A Queima do Judas em Itiúba: Tradição, Espetáculo e Gozação

 

Durante as celebrações da Semana Santa na cidade de Itiúba, um dos eventos mais aguardados era a tradicional "queima do Judas", realizada na noite do sábado de aleluia. O momento era marcado por expectativa e animação, reunindo moradores para assistir ao espetáculo pirotécnico que, ano após ano, incendiava não apenas o boneco, mas também risadas e comentários irreverentes.
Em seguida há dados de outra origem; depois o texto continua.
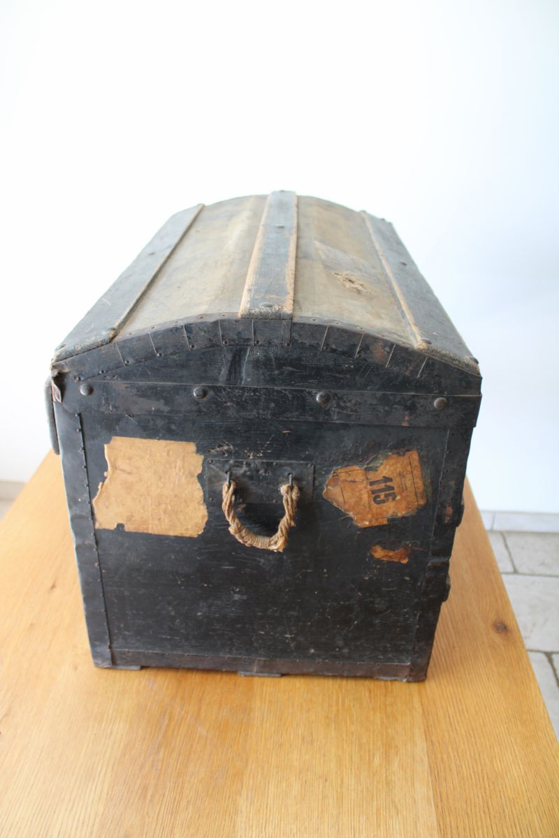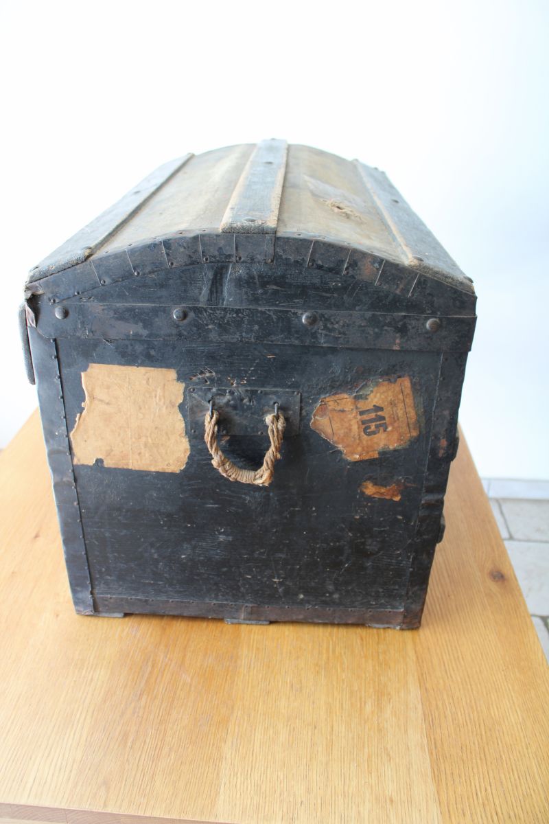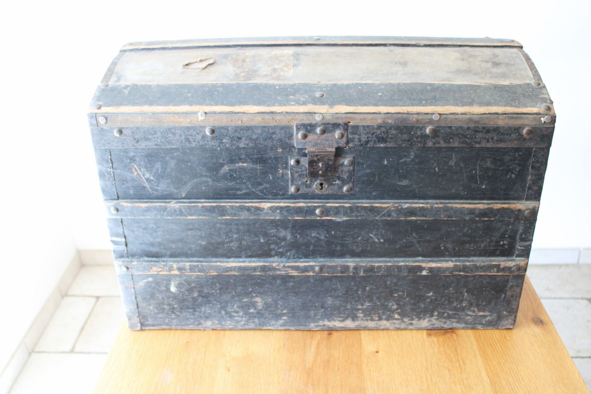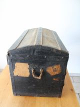 En bois, cerclages et renforts en acier, cloutés. Loqueteau de fermeture en fer.

O Judas era cuidadosamente confeccionado pelo mestre fogueteiro da região, o Sr. Horácio Pinto, cuja destreza garantia um boneco de pano primorosamente montado, recheado com palha e algodão para que o fogo se alastrasse com rapidez. Dentro dele, estrategicamente distribuídas, estavam bombas de diversos calibres, prontas para explodirem e elevarem ainda mais o impacto da encenação. No momento da queima, o Judas girava em seu pedestal, soltando fumaça e chamas, proporcionando uma cena que encantava e assustava ao mesmo tempo.
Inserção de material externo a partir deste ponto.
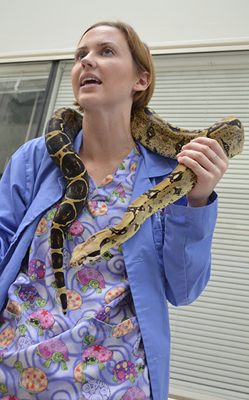 Regarding most folks' (including this reporter's) fear of snakes, she acknowledges that, “It's hard not to be scared of snakes when our culture portrays them in such scary way with movies.” Her advice to help folks deal with their fears is to find out more about them. “I think my biggest pointer is to ask questions,” she advises. “If you know someone who has a pet snake, ask them about it. There are books on why snakes are important to the environment. Education is the most powerful tool.
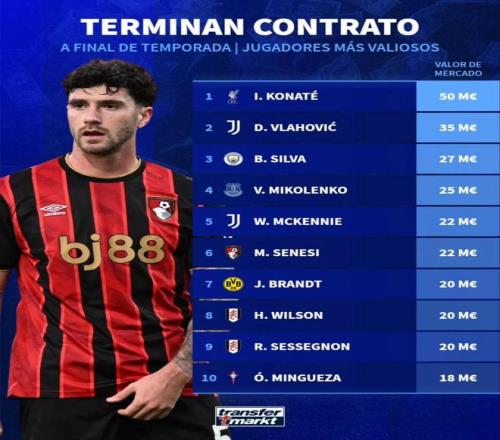 在夏日转会窗购置新援 ,是许多豪门提升实力的主要途径。不过也有许多的队员 ,来到了职业生涯条约的末年因此 ,他们有自由身脱离的时机 ,这不但会降低转会的价钱也会给他们的生涯 ,制造新的时机。现在来看 ,德国转会市场也是盘货出了一些身价相对较量高的、合约年球员比照 ,其中利物浦的科纳特排名第一 ,他小我私家身价抵达了5000万欧元。

Mas a queima do boneco era apenas um dos momentos memoráveis da noite. Antes de ser consumido pelo fogo, havia a esperada leitura do testamento do Judas, momento carregado de ironia e humor. Coube por anos ao Artur Teixeira, figura animada e destemida, subir em um palanque improvisado e, com voz potente e quase aos berros, anunciar os bens que o "traidor de Cristo" deixaria para os habitantes da cidade.

As doações eram absurdas, exageradas e escolhidas a dedo para provocar risadas e alfinetadas. Os presentes eram personalizados para cada destinatário, sempre levando em conta sua ocupação ou personalidade:

  • Para os pescadores, redes furadas que jamais prenderiam um peixe;

  • Para os políticos, paletós sem mangas, numa crítica divertida à falta de ação concreta;

  • Para os alfaiates, agulhas enferrujadas e sem ponta, inúteis para qualquer costura;

  • Para os professores, canetas sem tinta, tornando impossível qualquer anotação;

  • Para o sacristão, um sino sem badalo, incapaz de chamar os fiéis;

  • Para os vaqueiros, cavalos sem pernas, deixando-os a pé na lida diária.

Entre os agraciados estava o Sr. Jove, meu pai, que por ser apaixonado por pescaria e caça, recebia todo ano bens sem propósito, como uma tarrafa completamente furada e uma espingarda sem cano. Já o Sr. Belarmino Pinto, um dos políticos mais influentes da cidade, figurava sempre no topo da lista, sendo presenteado com um velho paletó sem mangas, em um claro toque de sátira à atuação dos políticos locais.

Assim, a tradição se repetia. O Judas ardia em chamas, explodia com estrondo, mas antes de partir, garantia sua última grande gozação.